If not for the hype and stunning trailer, which promised an all-out Rajini masala entertainer, Kabali would have been far more enjoyable, feels S Saraswathi.
So much has been written, said and predicted about Superstar Rajinikanth’s Kabali that it seems impossible for the film to live up to the lofty expectations.
But interestingly enough, director Pa Ranjith, a relative newcomer, manages to hold his own against the Superstar.
Known for his simple narration and armed with a slow-paced yet emotionally powerful screenplay, the two-film old director has not made many compromises for Rajinikanth.
Ranjith has cleverly portrayed Rajinikanth as a powerful gangster, who loves his handcrafted suits and designer sunglasses.
The film is not without its share of mass moments but there has been no attempt to make him three shades lighter or invincible and there is none of Rajini’s usual gimmicks.

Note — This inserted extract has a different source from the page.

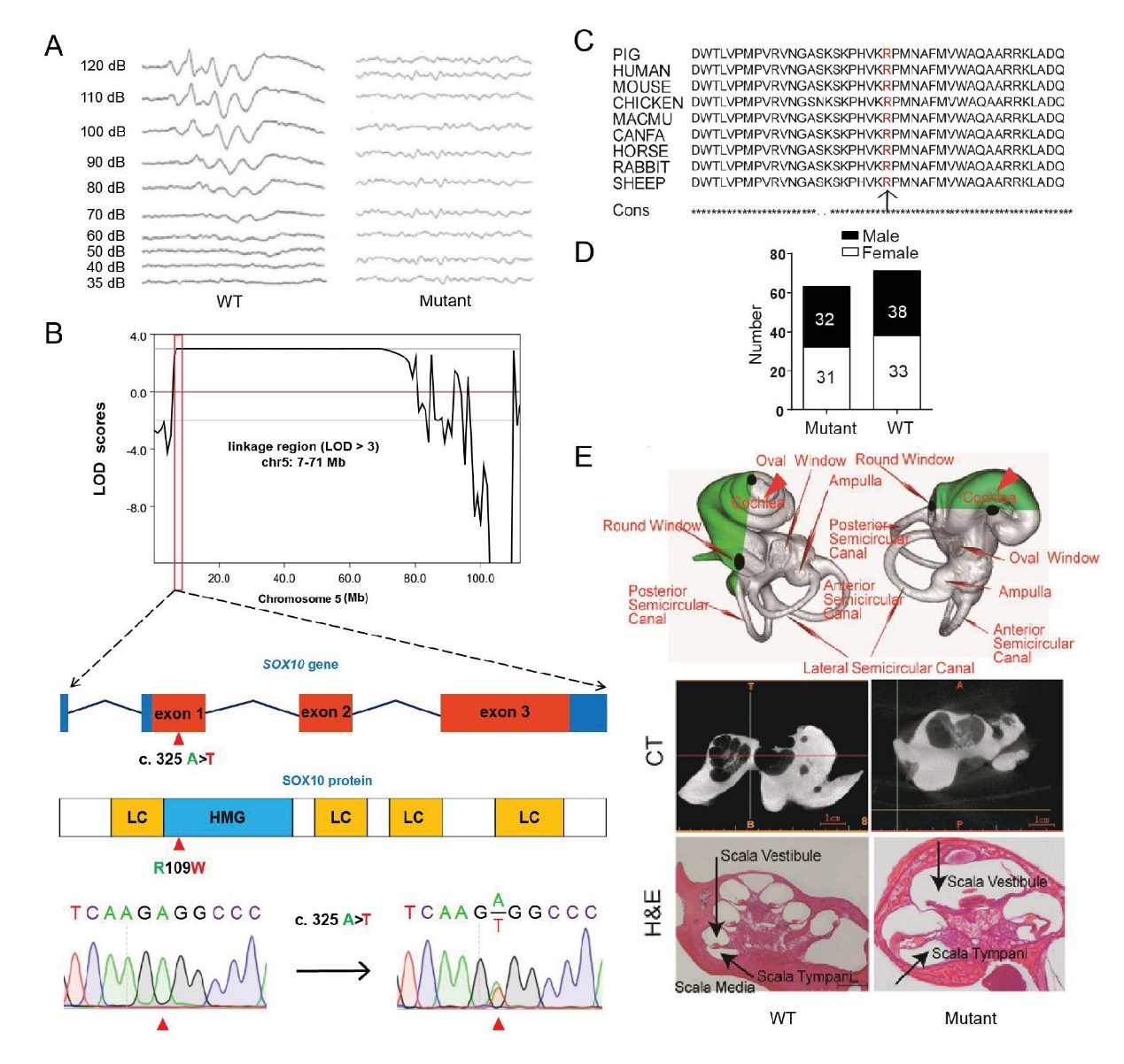 研究發現突變體TBB007T095聽覺嚴重受損,與人Mondini內耳畸形疾病病理表型高度相似。通過GWLS分析在5號染色體(7-71 Mb)上發現一個顯著的遺傳連鎖區域,并在該區域中分離到了色素衰退相關基因SOX10,該內耳畸形突變體的致病位點被精確定位為SOX10基因第109位氨基酸的改變 (R109W)。推測SOX10基因可能是Mondini內耳畸形的致病基因,且該突變體可作為人Mondini內耳畸形疾病的首個大動物模型。

He appears strangely calm and philosophic, even vulnerable and helpless at times.
Kabali revolves around the plight of Malaysian Indians, who have been toiling for a pittance at menial jobs in their country for generations. They revolt under the leadership of Kabaleeshwaran (Rajinikanth), also a lowly worker.
Into this fight for justice and bloody gang wars, the director has woven a tale of love between Kabali and Kumudavalli (Radhika Apte). Their love affair is brutally cut short when the fight escalates, Kumudha is killed and Kabali gets jailed for 25 years.

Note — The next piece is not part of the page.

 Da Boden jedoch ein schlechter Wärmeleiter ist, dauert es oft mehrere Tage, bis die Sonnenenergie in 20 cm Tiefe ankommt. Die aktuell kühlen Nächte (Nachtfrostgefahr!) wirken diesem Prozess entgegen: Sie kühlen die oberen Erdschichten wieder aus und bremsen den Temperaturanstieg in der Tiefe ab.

All this is narrated in a brief flashback and the film opens with Kabali being released from jail.
For most part, the film moves at a snail’s pace with brief moments of high-octane stunts.
There are lengthy conversations between the actors and emotions seem to play a bigger role in this gangster movie. The spotlight is almost entirely on the love story, and neither the workers nor the gang wars or its leaders are given any importance.
Music composer Santhosh Narayanan proves he is a class apart with his powerful background score, and the Nerupa Da number. The haunting Maya Nadhi, picturised on an aging couple, also touches your heart.
Among the performances, Radhika Apte, Dhansika and Dinesh stand out. But the antagonists -- played by Kishore and Taiwanese actor Winston Chao -- are all show and no substance.
Kabali is definitely not your regular Rajini film and is most likely to disappoint his fans. The film is also not as gripping as Ranjith’s critically acclaimed Madras.
If not for the hype and stunning trailer, which promised an all-out Rajini masala entertainer, the film would have been far more enjoyable.